None of these guys were saying they didn't love their wives any more. They were struggling with themselves and the desire they felt for their wives. I don't believe it had anything to do with the wives being "un-sexy" during childbirth. In other words, it wasn't the woman's fault. It is a case of some guys trying to deal with something that they aren't in control of.
But apparently, they deserve scorn and contempt.
Belle, the total assholes are the guys who LEAVE their wives (and children). The assholes ABANDON their children.
And I hate to say this, but your comparison of a woman who gets grossed out because her man is leaking fluids at both ends due to illness is ridiculous.

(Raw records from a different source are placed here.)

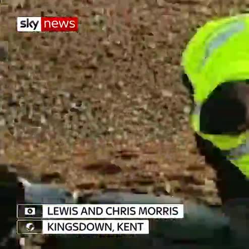 Sky News has obtained footage which appears to show a group of suspected migrants and a dinghy being inspected on a beach in Kent.
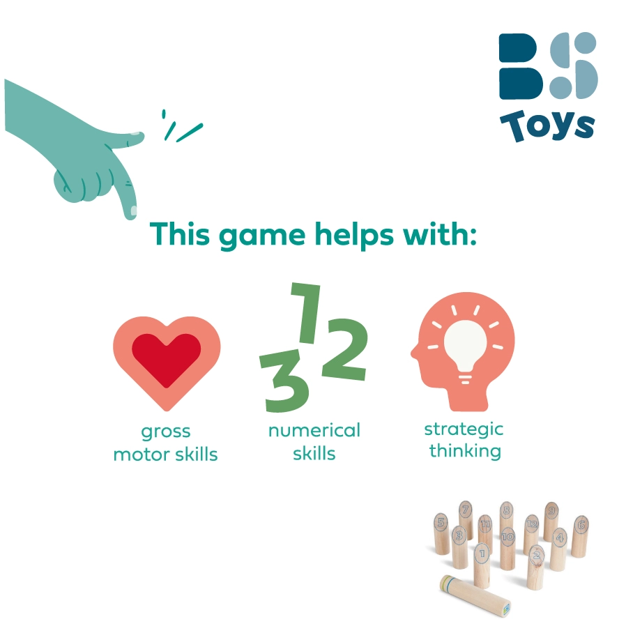 Grâce à des règles simples, toutes les générations peuvent participer. Mölkky développe la motricité, la précision, la concentration et la pensée tactique, tout en favorisant le calcul et le travail avec les nombres. Léger et facile à transporter, l’ensemble est parfait pour les sorties, les vacances et les après-midis au jardin.
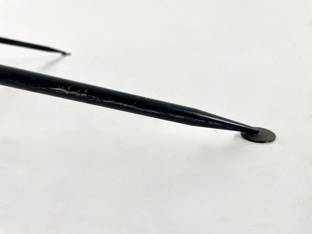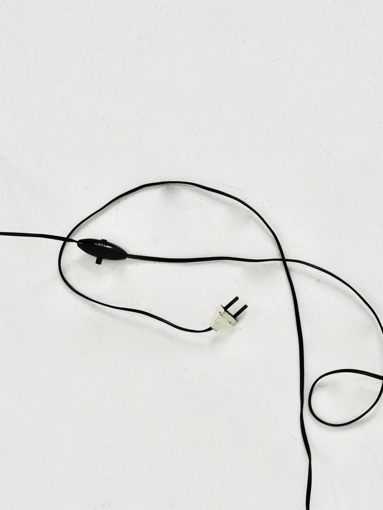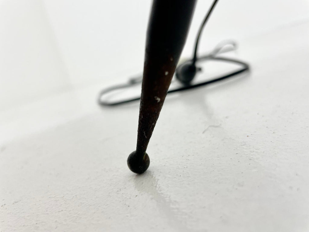 Serge Mouille의 블랙 메탈 플로어 램프. 이것은 1953년에 만들어진 초판입니다. 램프의 시간과 노후화로 인한 마모.
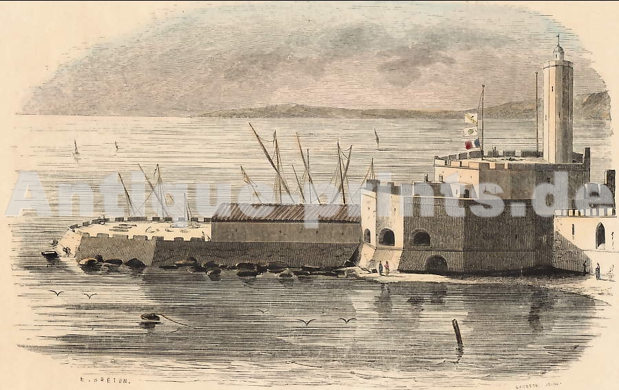 Algeria. Original wood engraving, engraved by Lacoste after E. Breton. 1846. Very good condition. Hand-coloured. 16x10cm. Matted.

Congratulations on being a feminist. You have certainly liberated your anger. Looks like your contempt for the male of the species is out in the open, too. Your "non-total asshole" husband must be one happy guy.
Posted by: Mitchell | October 28, 2005 at 06:10 AM
The basic issue is that a lot of people are uncomfortable with fundamental human issues, and they spend their lives trying to build a castle on the ground: one in which uncomfortable biological facts are hidden.